Even though the house hated her. It did. It threw darkness at her. It turned everyone against her.

And everything.

She'd heard the creak of the Abbot's chair and dared not move. Everywhere had been utterly, utterly dark. Verity had scrabbled about in the darkness, found her way to the wall where she knew the light switches were, moved her flattened palms from side to side and in circles and still could not find them. The wall had felt as rough and cold as it must have been in the sixteenth century. The electric switches simply were not there.

She'd panicked, naturally, pulling herself up just short of hysteria when her hand alighted on a box of matches, the ones she'd used to light the candle. But when she struck a match it was dead. All of them were. Little sticks which would not light, only snapped.

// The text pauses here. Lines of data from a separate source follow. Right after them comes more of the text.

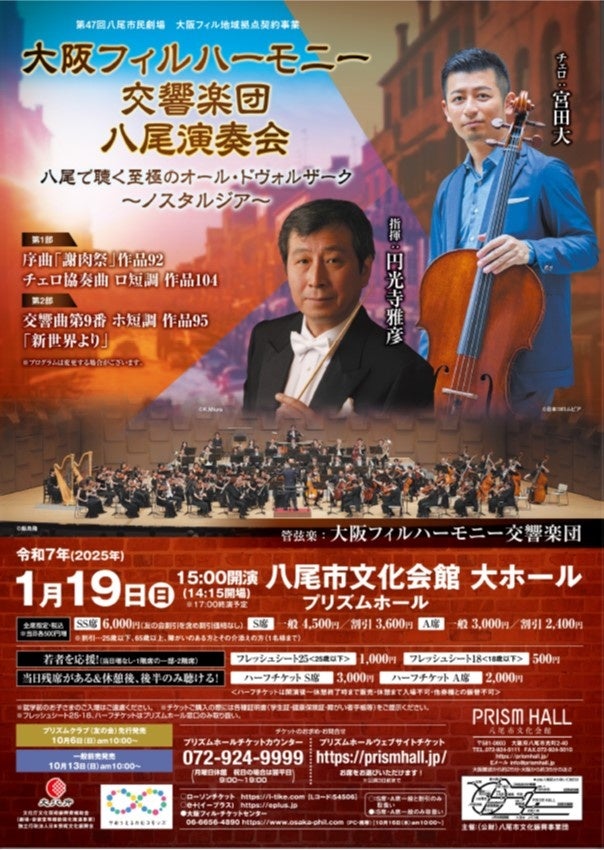 八尾市文化会館プリズムホール(大阪府八尾市)にて毎年恒例の大阪フィルハーモニー交響楽団八尾演奏会が今年度も来年2025年1月19日(日)に開催決定!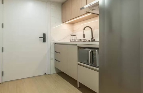 Stay just one block from the metro, with easy access to Avenida Paulista and Ibirapuera Park. Enjoy a comfortable queen-size hotel-standard bed in a bright, air-conditioned space. Unwind with a peaceful view of lush greenery through the window. The cozy mezzanine features an extra double bed, perfect for families or small groups. Safe building with self-check-in and a supermarket on the ground floor for added convenience. Your perfect home in the city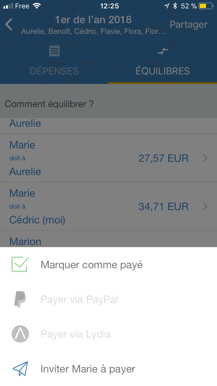 Dans la liste, vous pouvez, en appuyant sur un remboursement, indiquer qu’il a bien été payé, ou bien inviter la personne à faire le remboursement. Un paiement via PayPal ou Lydia est envisageable si vous le souhaitez également !

'This thing,' Major Shepherd said soberly. 'It must remain at Meadwell. Do you know what I'm saying?'

'I think so.' Did she?

When the lights had conic on, slowly and blearily, revealing an empty chair, a sad salmon steak, a scattering of spent matches and all the switches on the walls. Verity had accused herself of being a weak, stupid old woman. She'd cleared the table, placed the Abbot's chair neatly against the wall. In the kitchen, she'd scraped the salmon steak into the wastebin; giving it to the cat, if the cat had still been here, would have seemed disrespectful.

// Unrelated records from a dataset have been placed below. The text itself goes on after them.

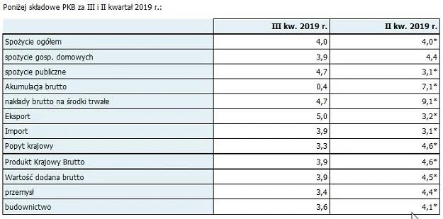 "Wolniejszy niż w poprzednim kwartale wzrost gospodarczy to przede wszystkim konsekwencja spowolnienia tempa wzrostu inwestycji z 9,1 proc. rdr w II kw. 2019 (po rewizji) do 4,7 proc. rdr w III kw. 2019. Do spowolnienia przyczynił się także negatywny wpływ zmiany stanu zapasów, który obniżył roczne tempo wzrostu PKB w III kw. 2019 r. o 0,7 pkt proc." - zwraca uwagę ekonomista Pekao.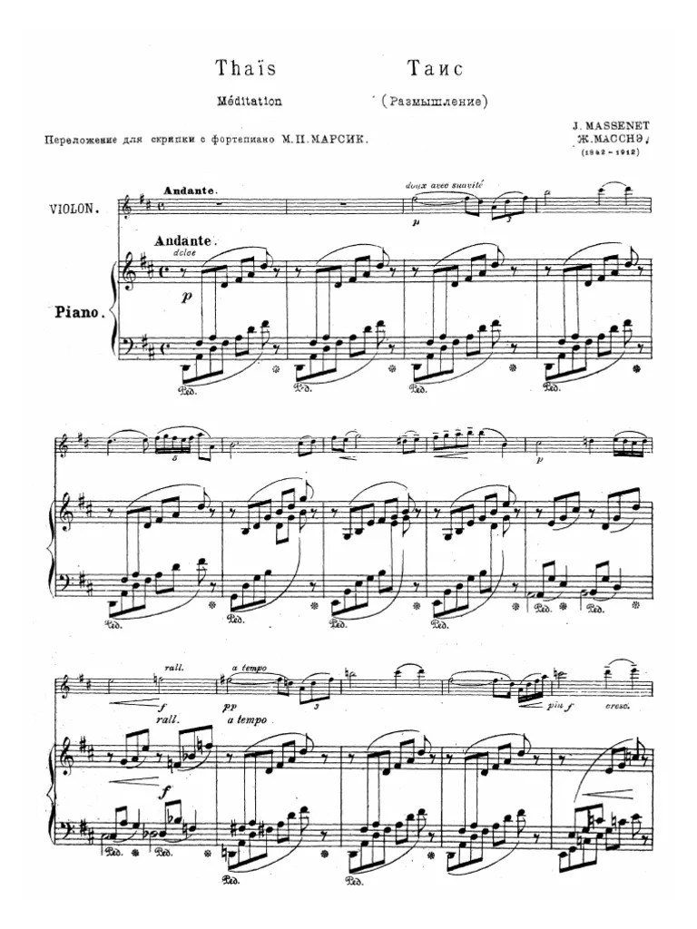 Thais Meditation Violin Sheet Music - 2.1.2 revised version (1898) 2.1.3 meditation (act ii, no.23) 2.1.4 ballet. Playing up to the fifth position, shifting, harmonics, dynamics, varying tempo, triplets & quintuplets, sul.
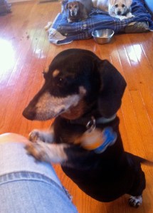 Don’t tell Hope she is sick. Two evenings ago when she had bloody diarrhea she was demanding a walk. She is eating well – finishing everyone else’s dishes – and is acting normally. We have medication to treat the diarrhea.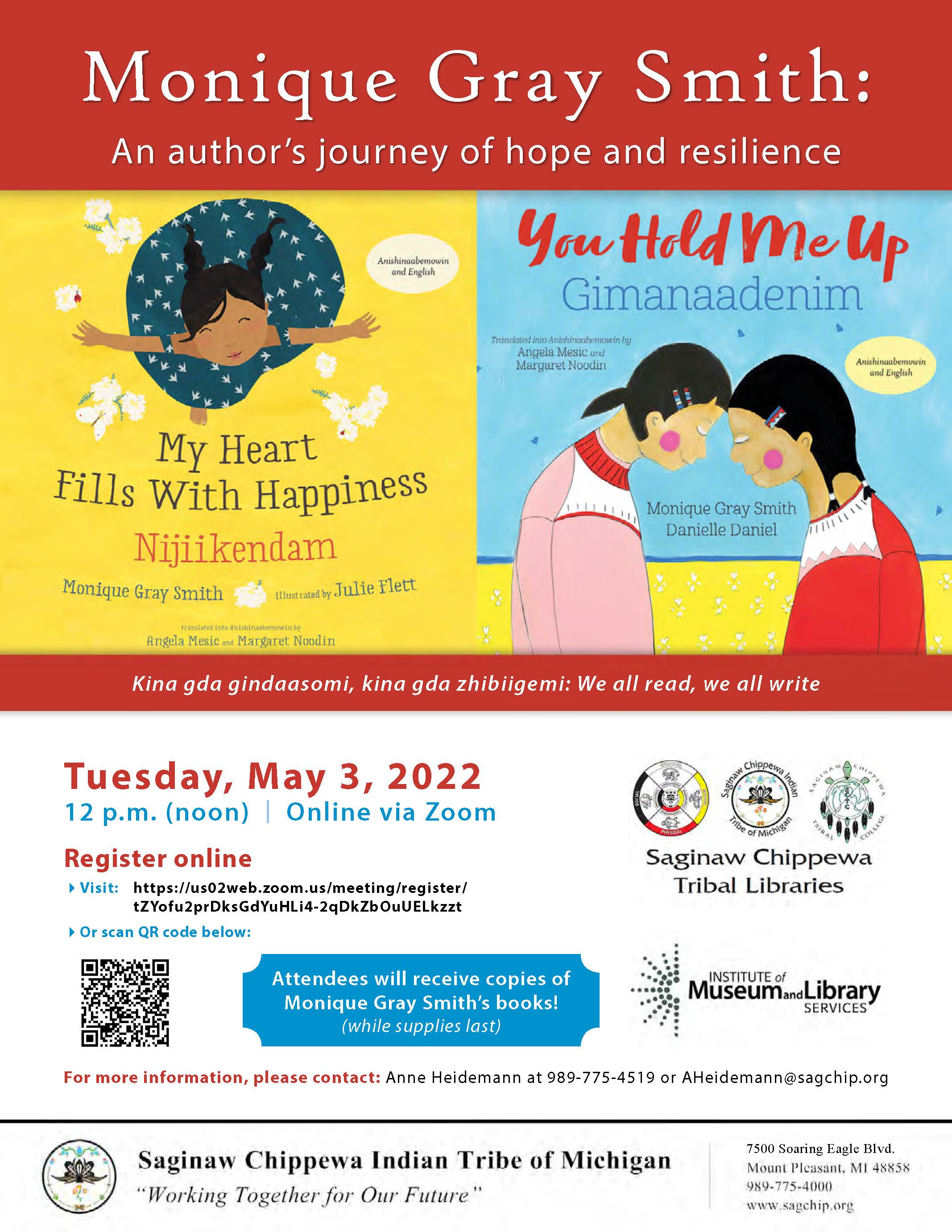 As part of the Kina gda gindaasomi, kina gda zhibiigemi: We all read, we all write grant project, the Tribal Libraries will welcome author Monique Gray Smith!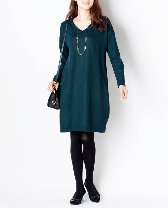 ヒップラインに丸みを持たせた「コクーンシルエット」が可愛いワンピースの型紙 脇から鋭角に入ったダーツを利用してシームポケットにし、袖はゆったり着られるドロップショルダーになっています。柔らかく女性らしいコクーンシルエットは可愛らしい雰囲気に印象付けて。無地で作ればアクセサリーなどの小物使いも映えます。チュニック感覚でも着られるので、寒い時期は下にインナーとスリムジーンズを合わせた着こなしを楽しんで。 ダボっとしていないのに、ゆったり着られるのが魅力的なワンピース 腰回りはゆとりがあって体型カバーもでき、動きやすくて機能的。袖は細めのデザインですが、ドロップショルダーになっているので、案外腕も動かしやすく、圧縮ウールや、伸縮性のある生地で作れば窮屈さも感じません。 ◾︎デザイン◾︎[ワンピース]あき……………あきなし前身頃…………脇から上に向かって長く入るダーツ。ダーツを利用したポケット付き後ろ身頃………裾に切り替えがあり、裾が丸みのあるシエットに袖………………長袖、ドロップショルダー衿………………広めのVネック(見返し仕立て) ※こちらのデザインは過去に雑誌「レディブティック」に掲載された作品です。通常価格 ¥770~¥1,650セール価格 ¥770〜 通常価格単価 あたり -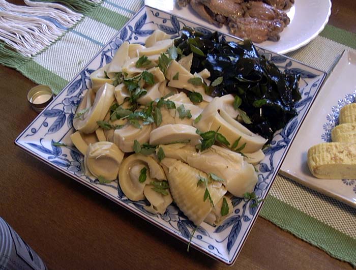 歌華人は若竹煮、小芋と豚肉の煮付け、木の芽和え、熊本の芥子レンコン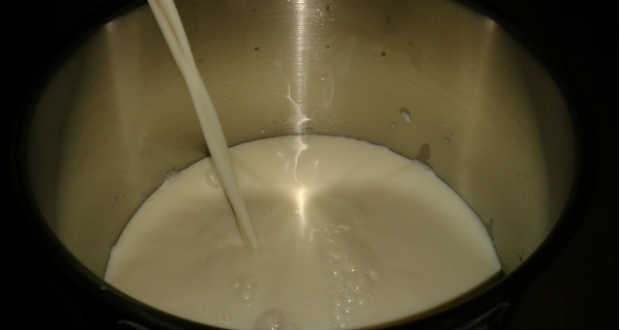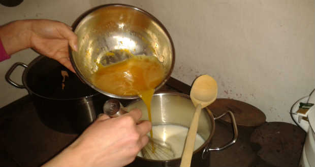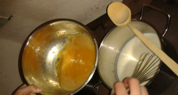 - Amikor a tej meleg (nem forró), lassan beleöntjük a tojásokat, közben keverjük a tejet.

Not that the creature would have deserved it. When Verity had opened the door of the cupboard by the yawning fireplace, to return the candlestick to its place for another year, she'd had a terrible shock. Out had come a whizzing, spinning, slashing Stella, leaving smears of blood over Verity's arms and hands before hurling herself out of the room and streaking out of the house with a violent snap of the kitchen catflap.

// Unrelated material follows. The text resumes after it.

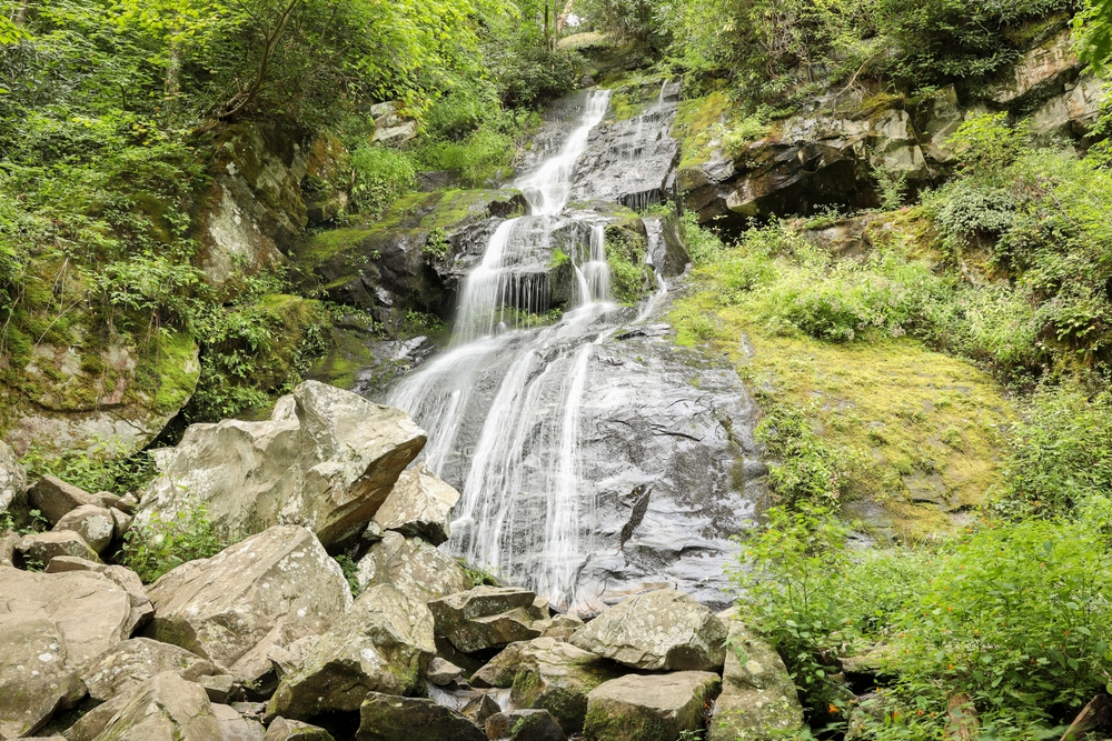 Hike to a Smoky Mountain waterfall: one of the best outdoor activities in the Smoky Mountains during summer is a waterfall hike! A couple of less-crowded hikes with waterfalls include Hen Wallow Falls and Huskey Branch Falls!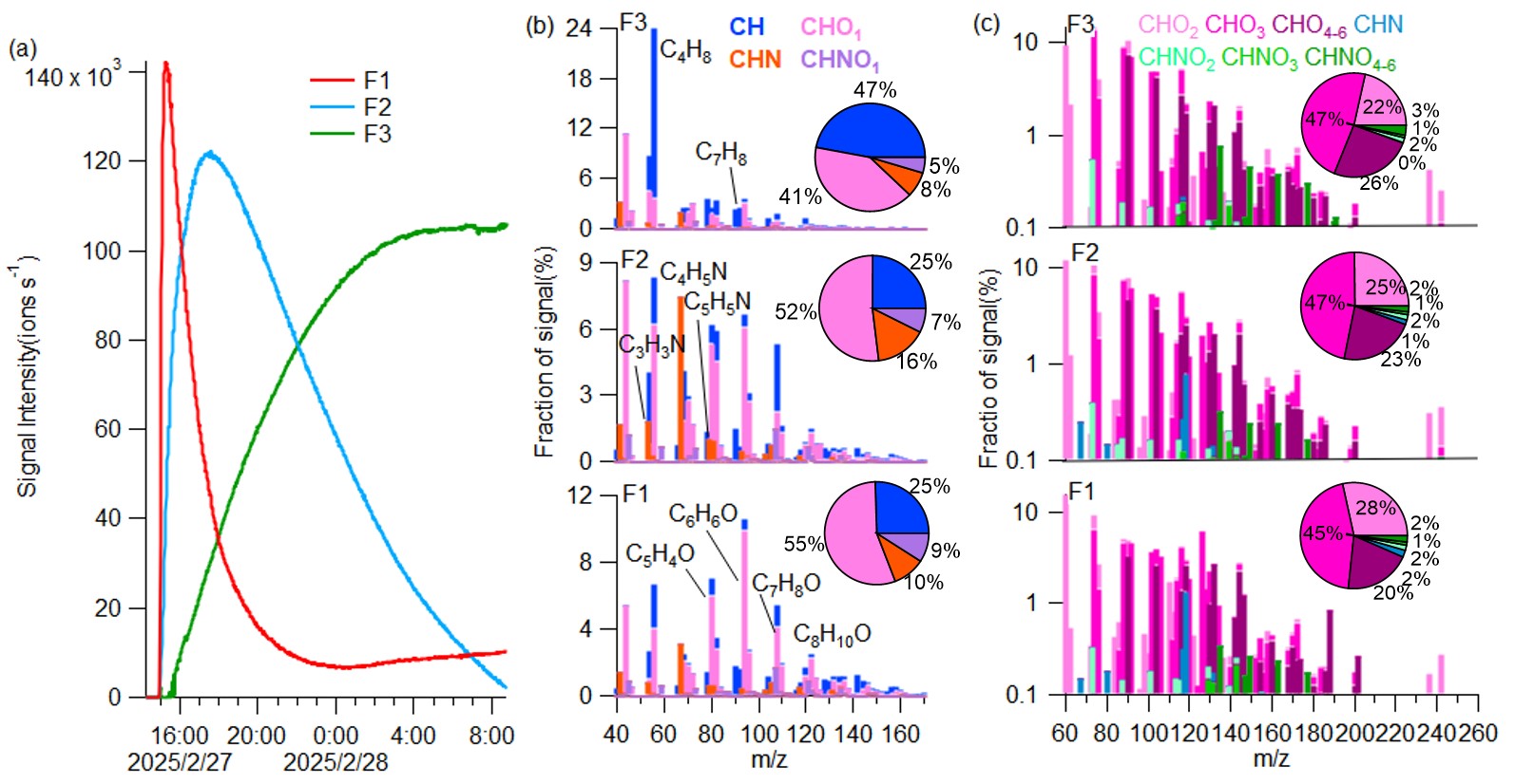 近日,开云登录入口手机版 孙业乐研究员团队利用高分辨率气溶胶质谱仪与质子转移反应/化学电离飞行时间质谱,分别在典型的室内环境和烟雾箱中,对三手烟释放的有机气溶胶(OA)和气态有机化合物进行了实时在线表征,并结合正矩阵因子分解法,解析了其动态演化过程及来源。

The greasy, tobacco-coloured oak pillars supporting the doorway had looked on, like the sour, sardonic, menacing old men who haunted the street corners of her youth.

Putting down the telephone, Verity wept for many minutes, tears mingling with the blood on her bony arms.

Everyone against her. Everything.

A little, old canary, and gases filling the house: who could really say how noxious they were?

THIRTEEN

None of It Happened

He'd finished off all the whisky in the flask. What could she say to that, after all that had happened? He gave the flask a final glance – sorrowful or contemptuous, too dark for her to tell – before stowing it away in an inside pocket of his overcoat.

'Erm… before we over react, are you quite sure about this?'

This was the first time he'd spoken since they got into the car. Juanita spun the wheel, letting out the clutch as gently as her mood allowed, feeling the ageing Volvo lurch and slide back, the rear wheels whirring uselessly in the mud.

Over-react? Jesus Christ, he was accusing her of over-reaction!

'Look, it was Diane. And it was a cream-coloured Range Rover. Who else do we know who has cream Range Rovers? There was a gloved hand over her mouth, did I tell you that? To stop her screaming.'

When she said that, Juanita tasted oil – someone trying to stop her screaming Her throat was swollen and her bottom lip felt like a slashed tyre.

'Look, would you mind giving me a push?' She hauled on the handbrake, still not looking at him. 'Please?'

He got out without a word. By the time they were free of the rut, he was creaking like an old bulldozer.

'Rankin. He'd have sent Rankin. Jesus, he sent the staff to snatch his daughter, can you believe that?'

'This is not the night,' Jim Battle said, 'to ask me what I can or can't believe.'

It was still hard to categorise her emotions when they'd come down from the Tor. Anger? Shame? Embarrassment?

Appalled relief was close. The others came later, were still coming, in waves, like a never-again hangover.